Green sued the defendants in state court. He obtained a TRO to prevent the defendants from
evicting him, but that TRO has expired. The defendants timely removed the suit to this court. On
June 3, 2013, Green again moved for a TRO to prevent the defendants from evicting him. Green
contends that he should not be evicted because the defendants’ foreclosure was illegal. He asserts
that the defendants lacked standing to foreclose and alleges claims for fraud in the concealment,
fraud in the inducement, intentional infliction of emotional distress, slander of title, to quiet title,
Real Estate Settlement Practices Act (RESPA) violations, and Truth in Lending Act (TILA)

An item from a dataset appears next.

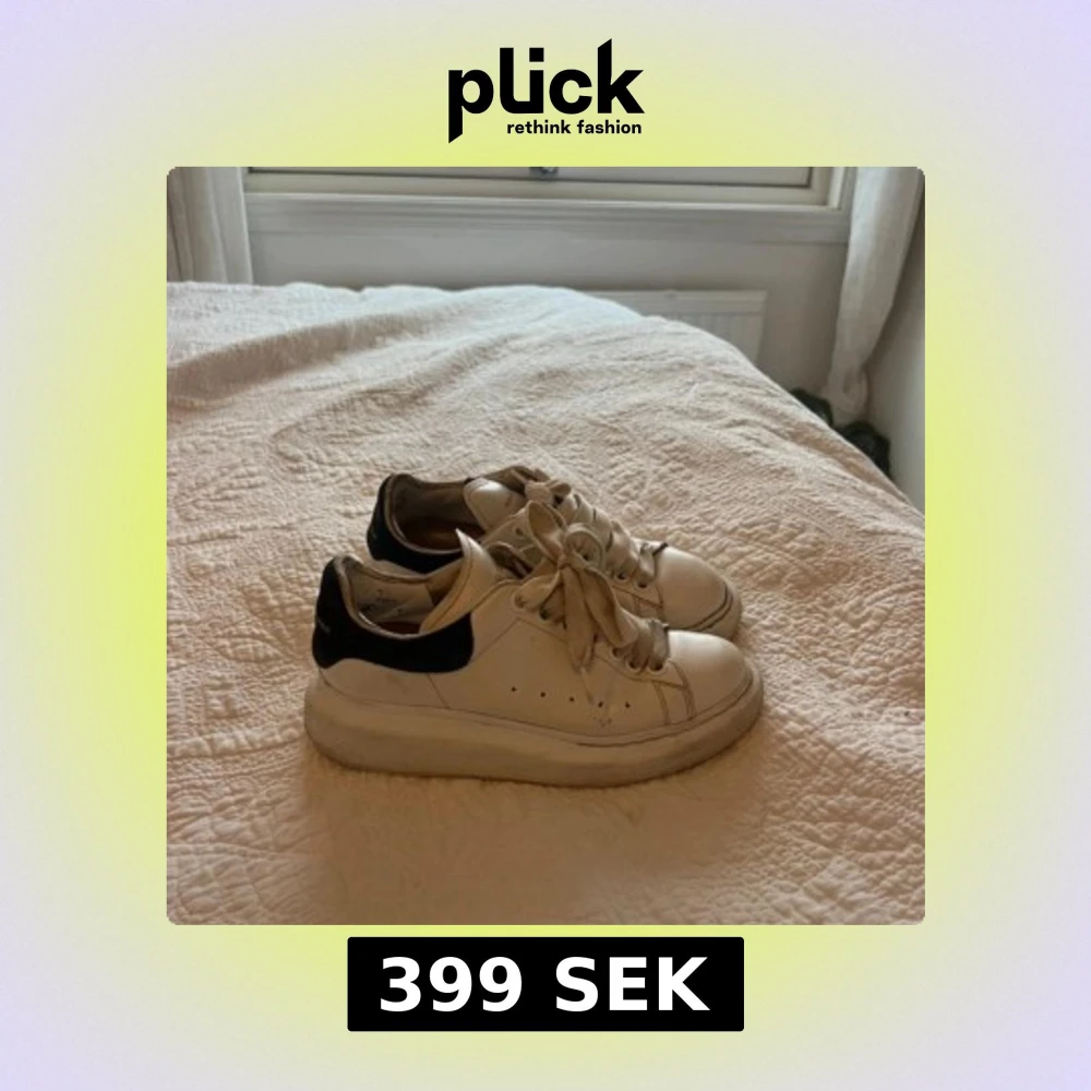 Säljer ett par klassiska vita sneakers från Alexander McQueen med svart hälparti och tjock vit sula. Skorna har snörning och en stilren design som passar till många outfits. Jätteslitna. Har fler bilder om det behövs

violations. Green also alleges that the eviction would cause him irreparable injury because “having
no right to redeem the property from the sale, [Green] will forfeit the property since the sale took
place.” (Id. at 4).
II.
Analysis
To obtain a TRO, a plaintiff must establish: “(1) a substantial likelihood of success on the
merits, (2) a substantial threat of irreparable injury if the injunction is not issued, (3) that the
threatened injury if the injunction is denied outweighs any harm that will result if the injunction is
granted, and (4) that the grant of an injunction will not disserve the public interest.” Janvey v.
Alguire, 647 F.3d 585, 595 (5th Cir. 2011); Nichols v. Alcatel USA, Inc., 532 F.3d 364, 372 (5th Cir.
2008). A TRO is an “extraordinary remedy.” Planned Parenthood of Houston & S.E. Tex. v.
Sanchez, 403 F.3d 324, 329 (5th Cir. 2005) (internal quotation marks and citation omitted).
One problem with Green’s request for a TRO is that it appears to enjoin a state-court
proceeding. Green states in his TRO application that he is “subject to eviction action.” (Docket
Entry No. 5 at 1). To the extent that there was a forcible detainer proceeding and an eviction order,
this court lacks the ability to provide the requested relief. “‘The Anti–Injunction Act generally
prohibits federal courts from interfering with proceedings in state court.’” Health Net, Inc. v.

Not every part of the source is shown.